List otwarty do każdego, kto ukrywa zaburzenia odżywiania
Zawartość
- 1. Nawet jeśli wyzdrowiejesz sam, podstawowe problemy najprawdopodobniej powrócą i ugryzą cię w tyłek.
- 2. Twoje relacje cierpią w sposób, którego nie widzisz.
- 3. Nie zadowalaj się „wystarczająco wyzdrowionym”.
- 4. Wyzdrowienie jest bardziej prawdopodobne, jeśli otrzymasz pomoc.
- 5. Nie jesteś sam.
- 6. Masz opcje.
- Recenzja dla
Dawno, dawno temu skłamałeś, bo nie chciałeś, żeby ktokolwiek cię powstrzymał. Pominięte posiłki, rzeczy, które robiłeś w łazience, skrawki papieru, na których mierzyłeś funty, kalorie i gramy cukru – ukrywałeś je, żeby nikt nie wchodził ci w drogę. Ponieważ nikt nigdy cię nie zrozumie, zrozum, jak ty potrzebne kontrolować swoje ciało, bez względu na koszty.

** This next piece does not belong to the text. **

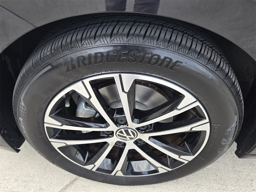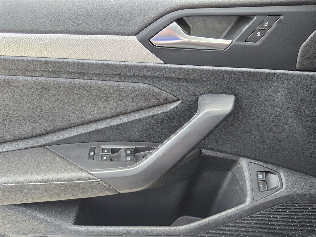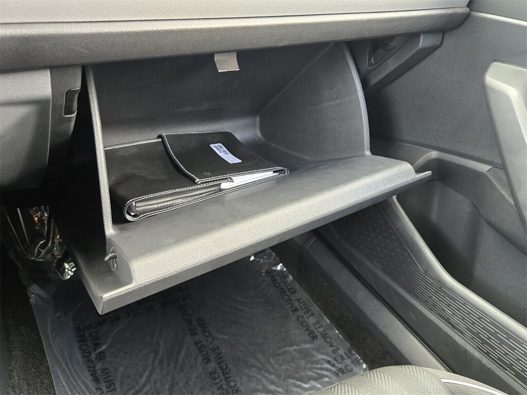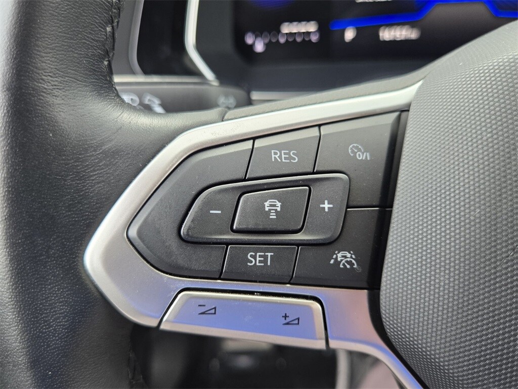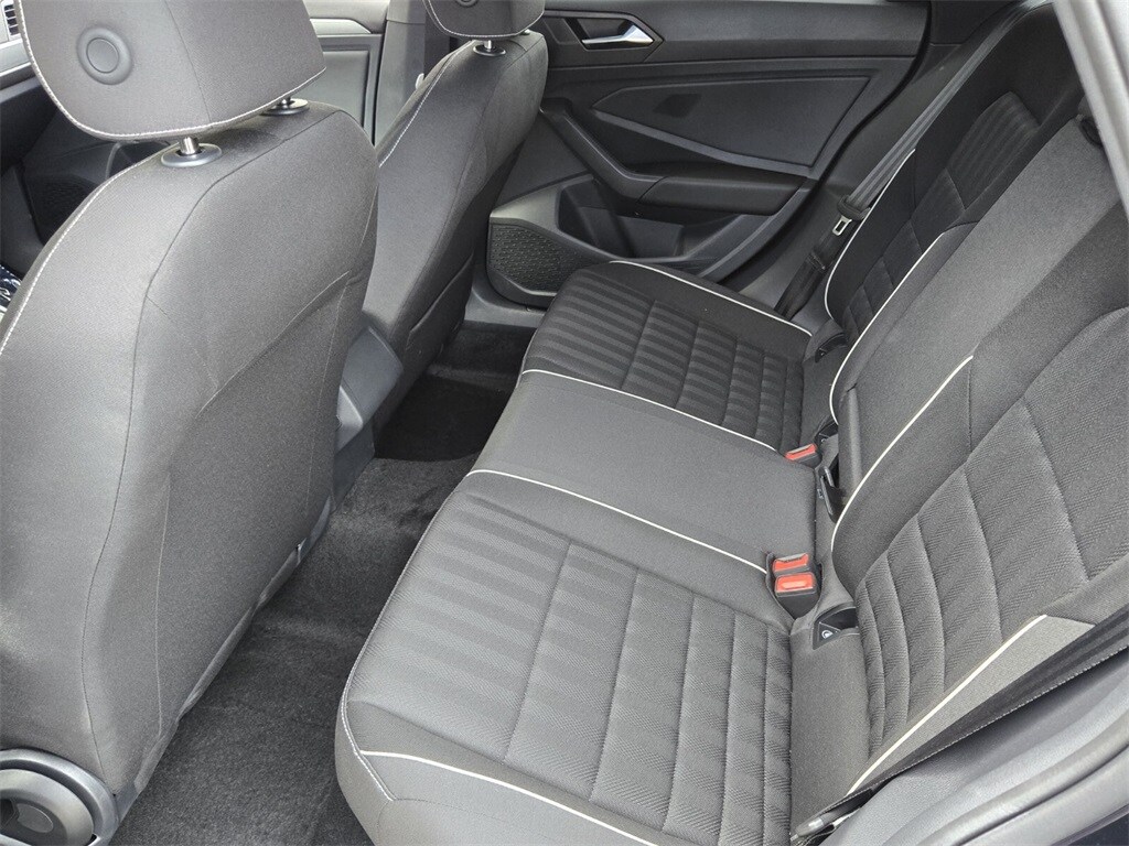 This vehicle comes equipped with Cloth, 4 Speakers, 4-Wheel Disc Brakes, ABS brakes, Active Blind Spot Monitor, Air Conditioning, Alloy wheels, Auto-dimming Rear-View mirror, Brake assist, Bumpers: body-color, Cloth Seat Trim, Delay-off headlights, Driver door bin, Driver vanity mirror, Dual front impact airbags, Dual front side impact airbags, Electronic Stability Control, Emergency communication system: VW Car-Net Safe & Secure 5-year, Exterior Parking Camera Rear, Front anti-roll bar, Front Bucket Seats, Front Center Armrest, Front wheel independent suspension, Fully automatic headlights, Heated door mirrors, Heated Front Seats, Heated front seats, Illuminated entry, Leather Shift Knob, Leather steering wheel, Low tire pressure warning, Occupant sensing airbag, Outside temperature display, Overhead airbag, Overhead console, Panic alarm, Passenger door bin, Passenger vanity mirror, Power door mirrors, Power steering, Power windows, Radio data system, Radio: MIB3 Composition Color w/6.5" Touchscreen, Rain sensing wipers, Rear anti-roll bar, Rear reading lights, Rear seat center armrest, Rear window defroster, Remote keyless entry, Speed control, Speed-sensing steering, Split folding rear seat, Steering wheel mounted audio controls, Tachometer, Telescoping steering wheel, Tilt steering wheel, Traction control, Trip computer, Variably intermittent wipers, and Wheels: 17" 2-Tone Machined Alloy .

Ale chcesz odzyskać swoje życie. Życie, w którym możesz przysłuchiwać się rozmowie na przyjęciu, nie myśląc o stole z jedzeniem, życie, w którym nie ukradłeś batoników musli z pudełka pod łóżkiem współlokatora ani nie żałujesz, że najlepszy przyjaciel miał krach, który powstrzymał cię od wieczorny trening.

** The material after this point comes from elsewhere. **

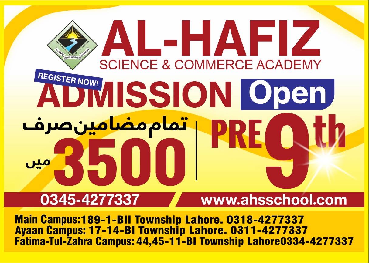 The humble journey that started from 2010 as Al-Hafiz Science & Commerce Academy took a giant leap with the stern efforts, Dedication and total Commitment of Mr. Tariq - the Chairman of AHA who made it possible to earn a great name. As per his Instruction our students have always got distinctive positions in, Matric and Intermediate exams in Lahore boards as well. AHA Group strongly believes in developing youth of the nation with creative minds, a sense of understanding and compassion for others, and the courage to act on their beliefs.

Rozumiem. O mój Boże, rozumiem to. Spędziłem cztery lata mojego życia pochłonięty zaburzeniami odżywiania. Po mniej więcej pierwszym roku byłem zdesperowany, by wyzdrowieć. Zwymiotowałem krwią; Leżałam w łóżku przekonana, że tej nocy umrę na atak serca. Ciągle naruszałem mój osobisty kodeks etyczny. Moje życie skurczyło się, aż stało się ledwo rozpoznawalne, pomarszczona resztka życia. Objadanie się i oczyszczanie skradły czas i energię, które powinienem był poświęcić na naukę, rozwijanie swoich zainteresowań, inwestowanie w relacje, poznawanie świata, rozwój jako człowiek.
Mimo to nie szukałem pomocy. Nie powiedziałem mojej rodzinie. Widziałem tylko dwie opcje: walczyć z moim zaburzeniem na własną rękę lub umrzeć próbując.
Na szczęście wyzdrowiałem. Wyprowadziłem się z domu, dzieliłem łazienkę ze współlokatorką i – po wielu nieudanych próbach – w końcu zerwałem z nawykiem objadania się i przeczyszczania. I czułem się dumny, że sam przezwyciężyłem swoje zaburzenia odżywiania, bez przeszkadzania rodzicom, bez ponoszenia kosztów terapii czy leczenia, bez ujawniania się jako osoba z „problemami”.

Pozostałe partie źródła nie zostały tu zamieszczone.